Conover had asked that local law enforcement agencies instead "deflect people to drug treatment."

Conover told the Tucson Sentinel that officers and deputies were still arresting people, despite the no-charges policy, and taking them to the jail where they would be held until prosecutors affirmed that charges would not be filed.

"And then they're in 'the pit' for hours; it defeated the purpose" of the policy, she told the Sentinel.

Wednesday, the county's top prosecutor reversed her stance on charges in such cases.

"True leadership requires a coming together to review data and then an admission when a pilot project is not working.  I’ll say it better. My December attempt to reduce the jail population was unsuccessful," she wrote to area chiefs of police.

From a memo she sent to law enforcement leaders Wednesday:

1. The jail population was at 1,671 on December 14, 2021 - the day of my memo and was at 1,673 today.  This isn’t an anomaly; this has been a consistent number for the jail population, as I watched it on a daily basis. 

2. I believe we have a shared interest with law enforcement in exploring deflection, but unfortunately it seems this approach is not widely used.  Many people are still arrested and transported into the “pit” of the jail and held in tight quarters with other inmates and staff for hours awaiting the dismissal of simple possession charges. Thus, my plan for keeping people away from this dangerous crowding as a public health risk has been undermined.

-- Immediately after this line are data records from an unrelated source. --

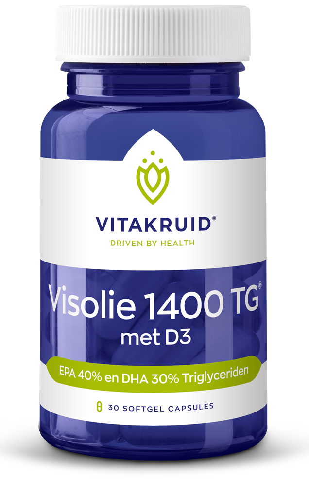 Vitakruid Visolie 1400 TG met D3 Capsules bevat een zeer hoge concentratie omega-3 van >80%. Het bevat maar liefst 1200 mg omega 3-visolie per capsule. Met een zorgvuldig extractieproces is de EPA en DHA van de andere vetzuren gescheiden, waardoor de hoge concentratie
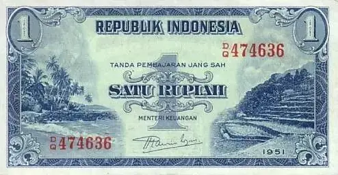 Billet Indonésie 1 Rupiah Plage, montagne – 1951 Satisfait Ou Remboursé
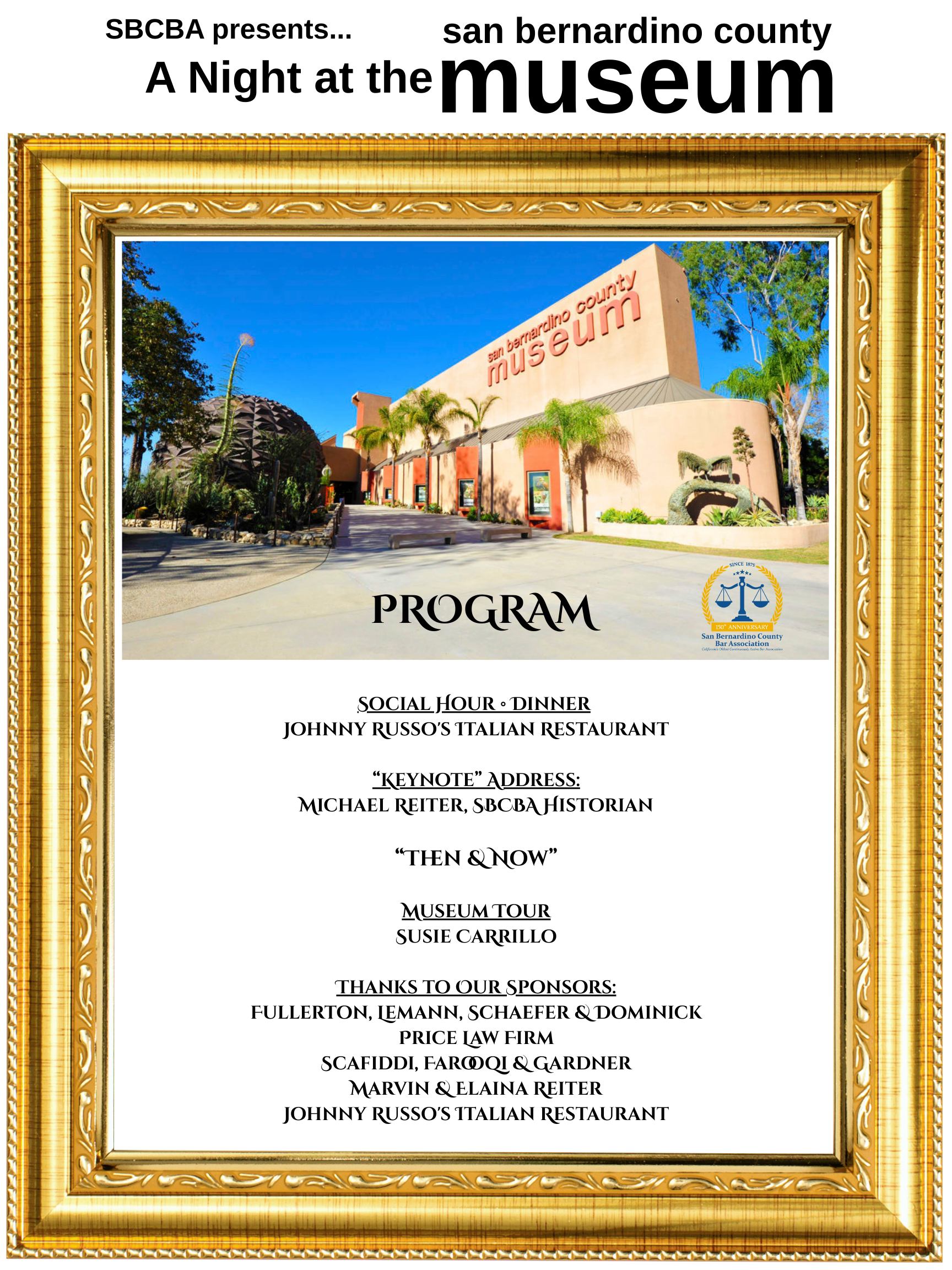 “A Night at the Museum” featured a mixer with hot appetizers and wine at our beautiful San Bernardino County Museum, on Orange Tree Lane in Redlands.
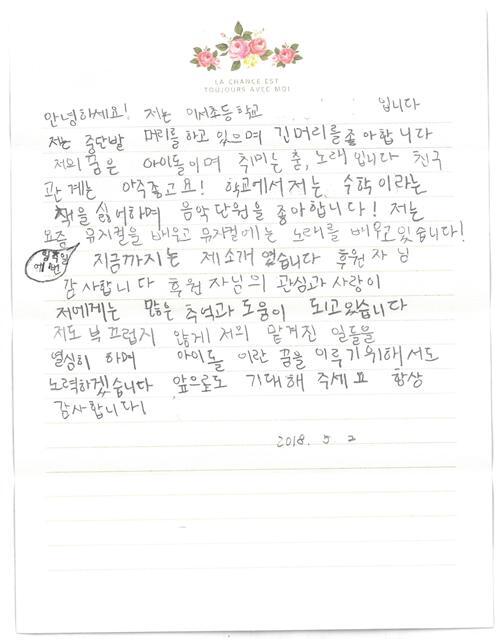 편지에는 “저의 꿈은 아이돌이에요. 요즘에는 일주일에 한 번 뮤지컬을 배우고 있습니다. 부끄럽지 않게 저의 일을 열심히 해 아이돌이란 꿈을 이루기 위해 노력하겠습니다. 앞으로도 기대해주세요. 항상 감사합니다”고 적었다.
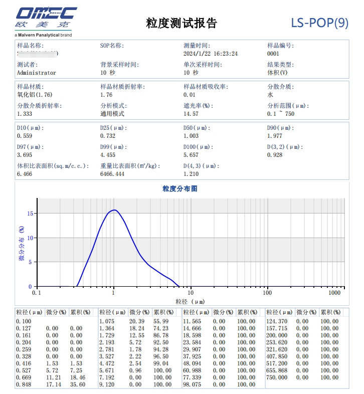产品特征:高纯度、粒度根据工艺可以进行控制、粒度分布均匀,磁性少、黑点少,白色无味粉末
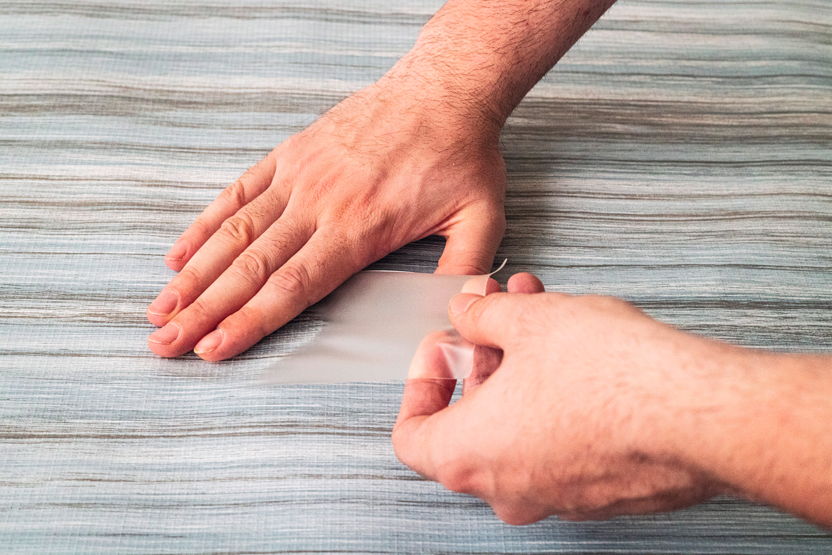 Repair-Kit Plus. Bestehend aus drei transparenten PVC-Klebestreifen (je 8 x 15 cm).
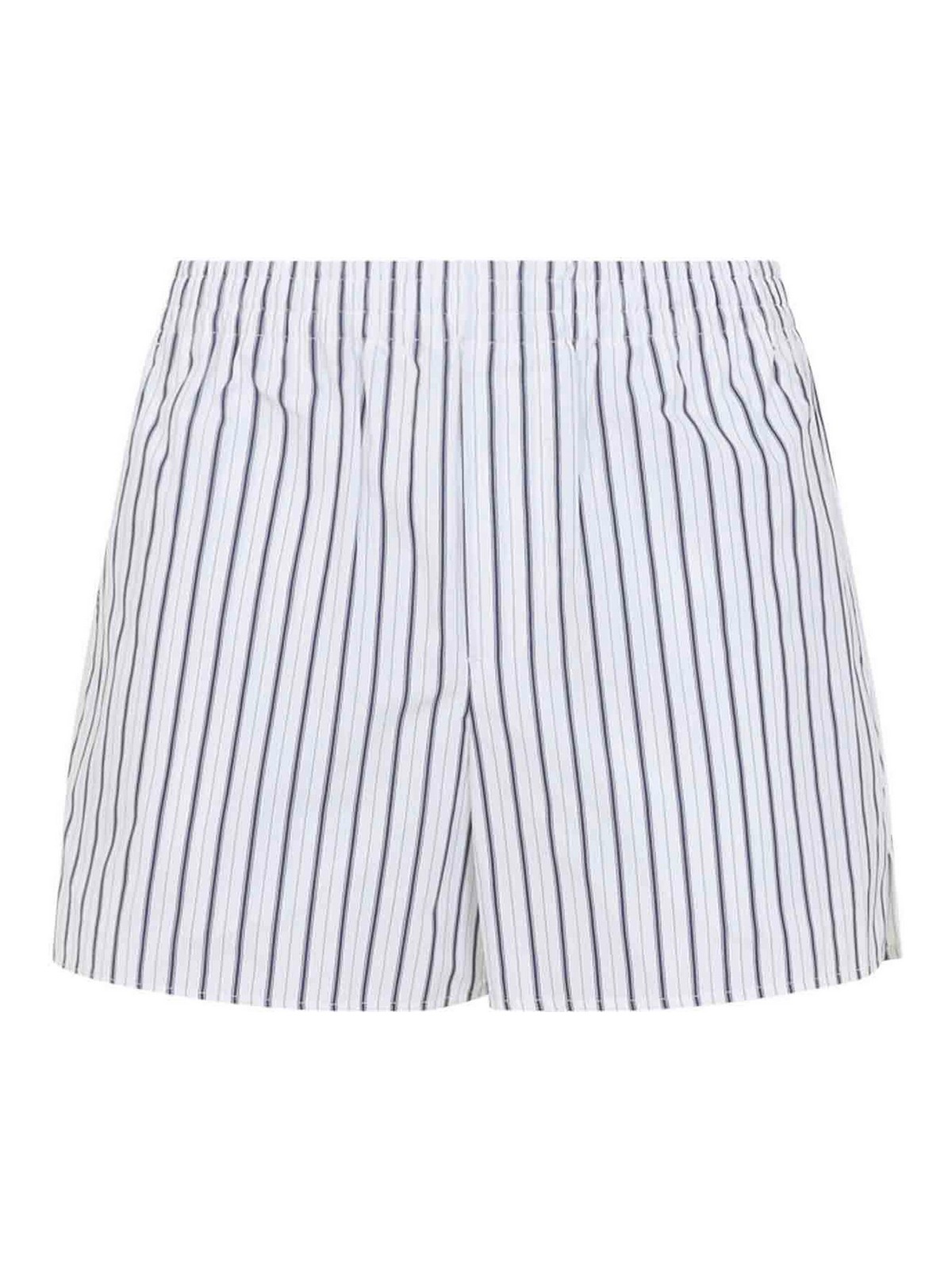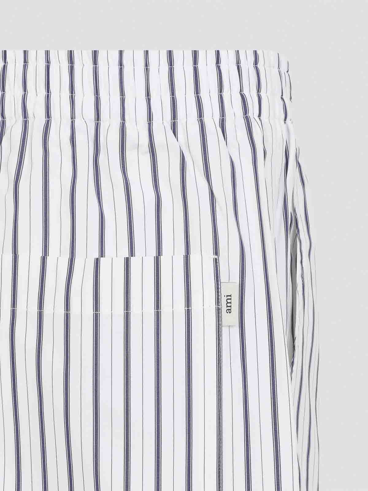 Pantalones cortos Ami de algodón azul elástico. Pantalones cortos de corte casual confeccionados en algodón a rayas azules y blancas, con cintura elástica, cierre con cremallera oculta en la parte delantera, bolsillos laterales, bolsillo de parche con una pequeña etiqueta de la marca en la parte posterior, aberturas laterales y dobladillo recto.
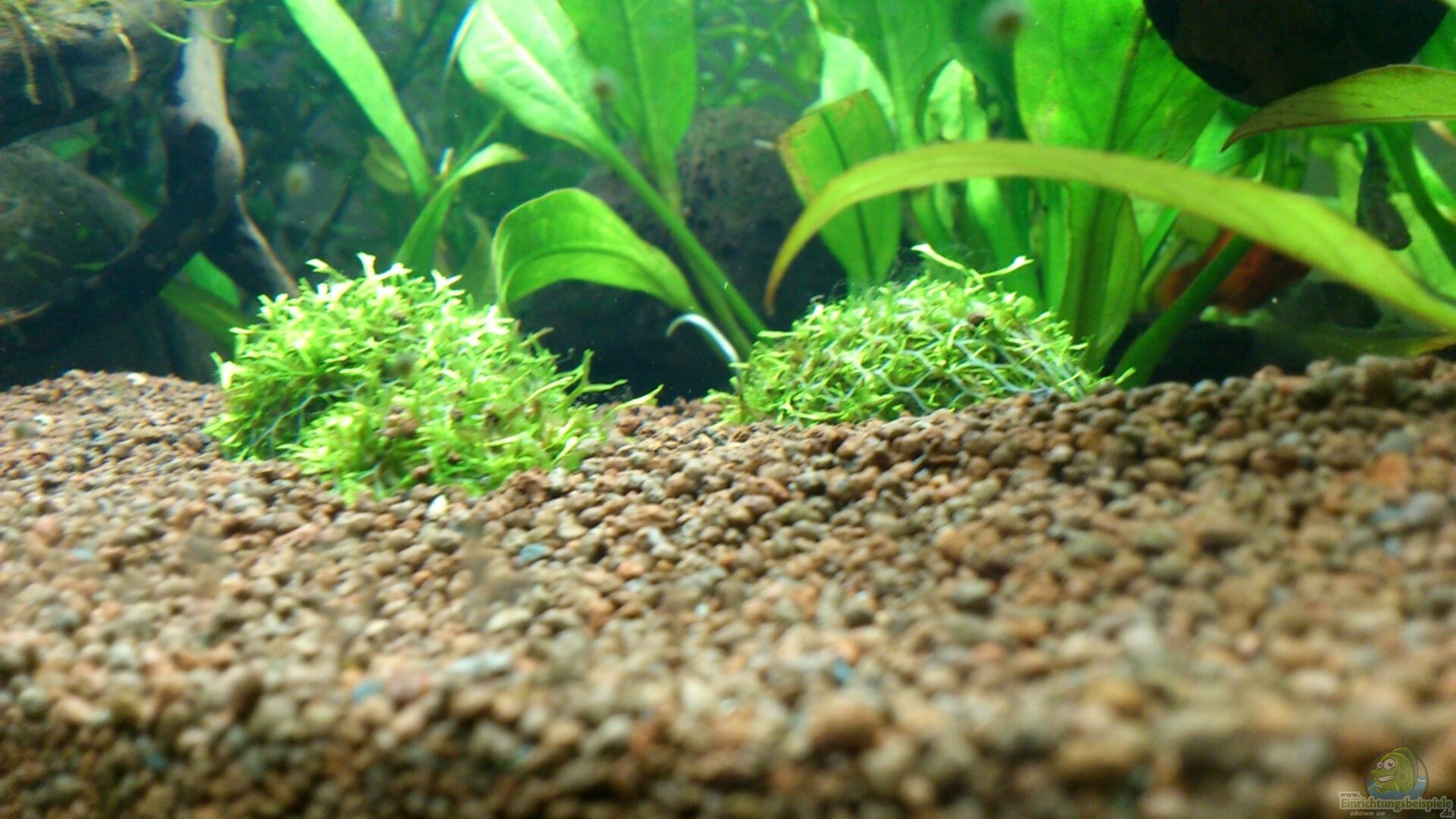 Riccia Fluitans auf PingPong Bälle Bild rechts im boden
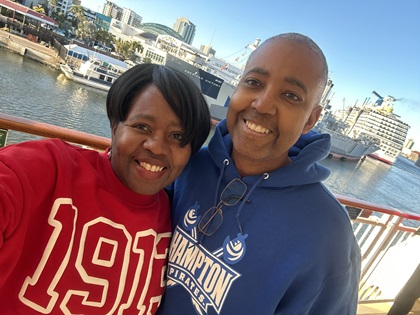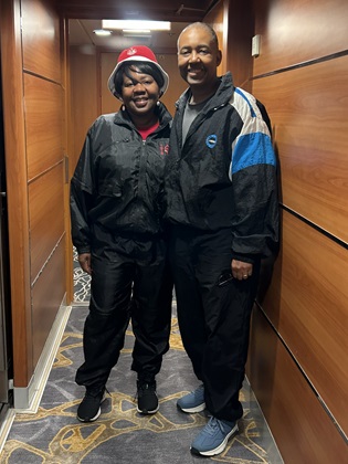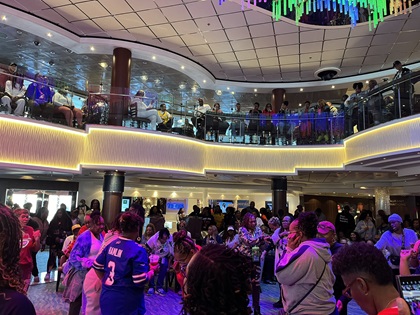 We strolled by the Atrium again where the sail-away party was still in full swing. Our first of four theme nights was Represent Night during which you wear clothing representing your hometown, favorite sports team, university, fraternity/sorority, etc... I was wearing my Hampton University hoodie and Traci was wearing her Delta Sigma Theta sorority clothing. We met several Hampton alumni that day. Traci met many sorors from all around the country. It was our first day on the ship and we were already feeling like one big happy family.

3. The jail remains a potential super-spreader site. Sheriff Nanos, who wholeheartedly agrees with this evaluation and with my consternation, is dealing with some 200 inmates held on unspeakably violent crimes and trying to also manage non-violent sick people who should not be in the jail at all and are at risk for violence, and illness, and overdose.

The purpose of December's "declination" memo was to prevent those suffering from substance-use disorder from being taken to the jail during the  pandemic, reducing the risk of transmission, the Pima County Attorney's Office said. 

"However, vulnerable people were still being transported to the jail, where they spent hours in a holding area known as "the pit," in cramped conditions, before PCAO deputy prosecutors could dismiss their charges," officials said.

While Tucson Police Department officers generally work to deflect people to treatment, Sheriff's Department deputies and officers from Marana, Oro Valley and Sahuarita continued to make arrests and take people to the jail for offenses that would not be charged under the policy.

The suburban departments "do not and will not support deflection any time soon I fear," Conover said, noting that some officers were likely not informed of the policy shift.

"Charging people with a criminal offense has never succeeded in reducing the number of people who suffer from substance abuse, and has never succeeded in reducing crime associated with substance abuse," said Joel Feinman, head of the county Public Defender's Office.

"It is a public and mental health issue, not a criminal justice issue, and until we treat it as such we will never make meaningful progress on the issue," said Feinman, who has announced that he's resigning in May.

Pima County Superior Court has several programs for people arrested for crimes involving drugs, including STEPS (Supportive Treatment and Intervention Program) for people who haven't yet been indicted, Drug Court for those convicted of offenses and who suffer substance use disorder, and Drug Treatment as an Alternative to Prison (DTAP), which gives people a chance to avoid prison via specialized probation.